The research identified some significant variation across parent groups in views and preferences on the factors that are most important to parents' judgement of the quality of ELC, and on the quality of their current provider against these.

This variation primarily related to income, deprivation, whether parents pay for ELC and parents of children with ASN. For example lower income households and those in the most deprived areas were more likely to rate a range of factors as very important to the quality of ELC, and more satisfied across all aspects of their current provider. In contrast, those who pay for ELC and parents of children with ASN were less likely to rate a range of factors as very important, and the latter group were also less satisfied with several aspects of their current provider.

Below we summarise the main variations across parent groups, highlighting where parents were significantly more or less likely than those in other parent groups to give a specific response.

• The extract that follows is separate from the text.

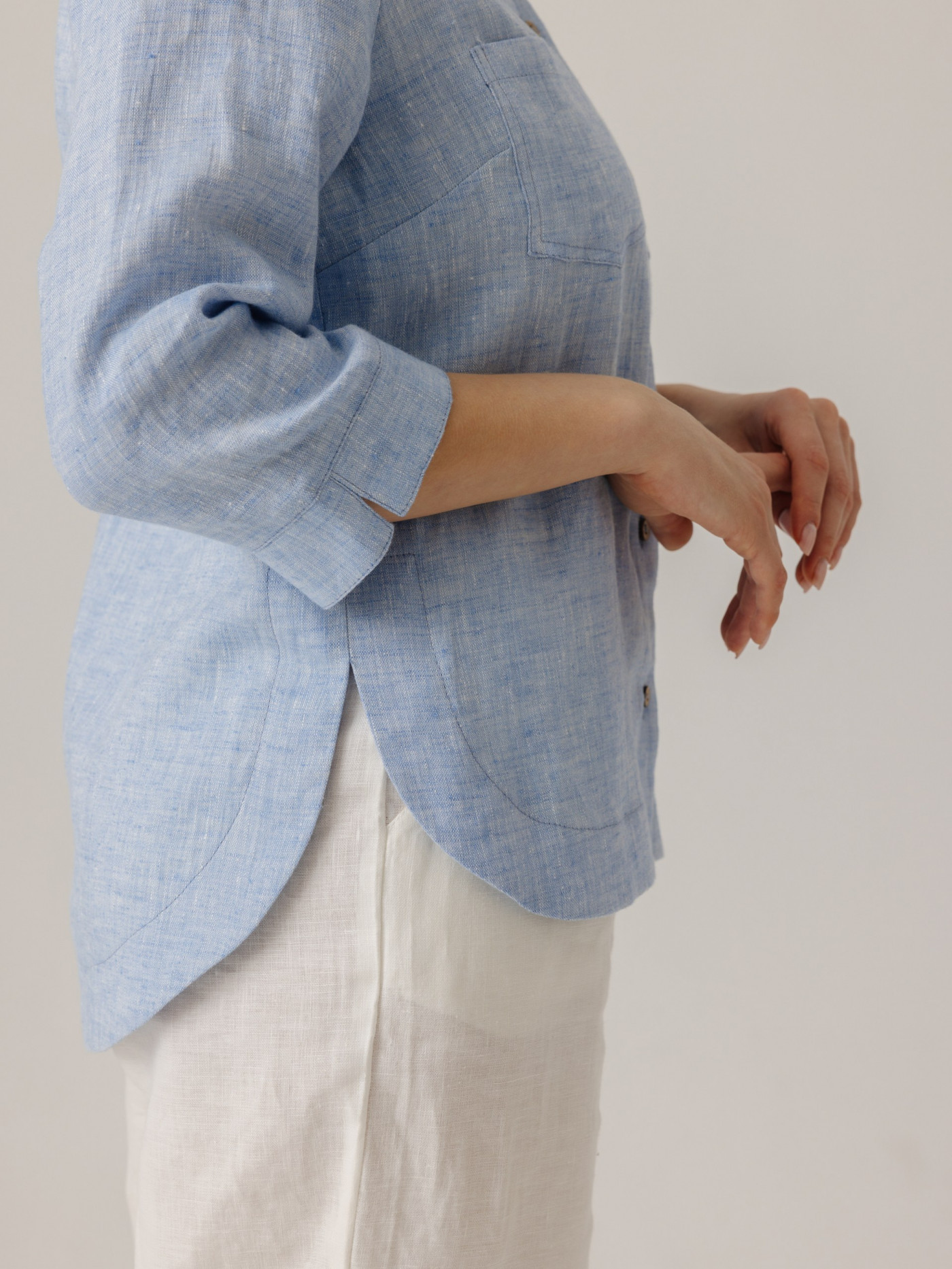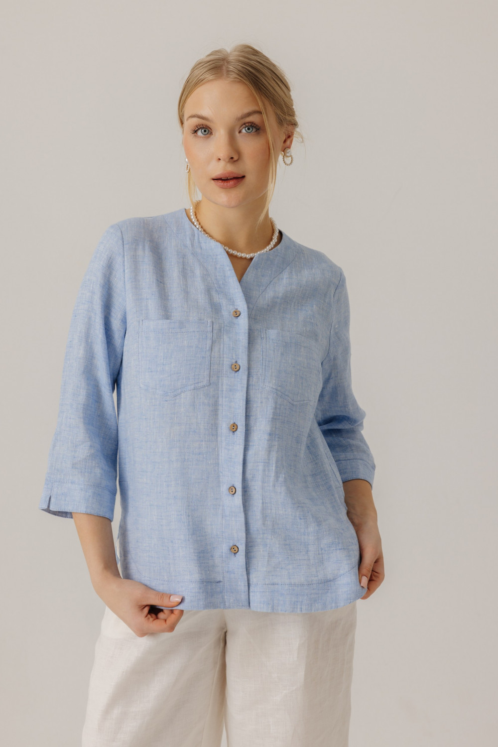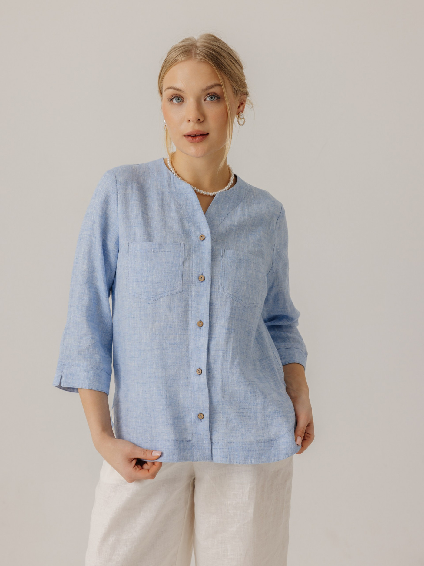 Блузка 100% лен, текстиль. Силуэт приталенный.

Low incomes/Most deprived areas

More likely to rate staff qualifications/ knowledge, facilities, whether their child is learning, the provider keeping parents informed and inspection reports as very important.

More likely than others to be very satisfied across all aspects of their main provider.

Rural areas

No significant variation.

Single earner households

No significant variation.

Parents of children with ASN

Less likely than others to rate staff qualifications/ knowledge, facilities and inspection reports as very important.

Less likely to be very satisfied with staff qualifications/ knowledge, how staff interact with their child, facilities and their child's learning.

Currently pay for ELC

Less likely to be very satisfied with staff qualifications/ knowledge, how staff interact with their child, their child getting personal care and attention, their child's learning, and the provider keeping parents informed.

Do not currently use funded ELC

No significant variation.

Other significant differences

Parent age: Under 35s are more likely to rate facilities, whether their child is learning, the provider keeping parents informed and inspection reports as very important. They are also more likely to be very satisfied with their child's learning.

Parent gender: Females are more likely to rate staff qualifications/ knowledge, their child getting personal care and attention, the provider keeping parents informed and inspection reports as very important.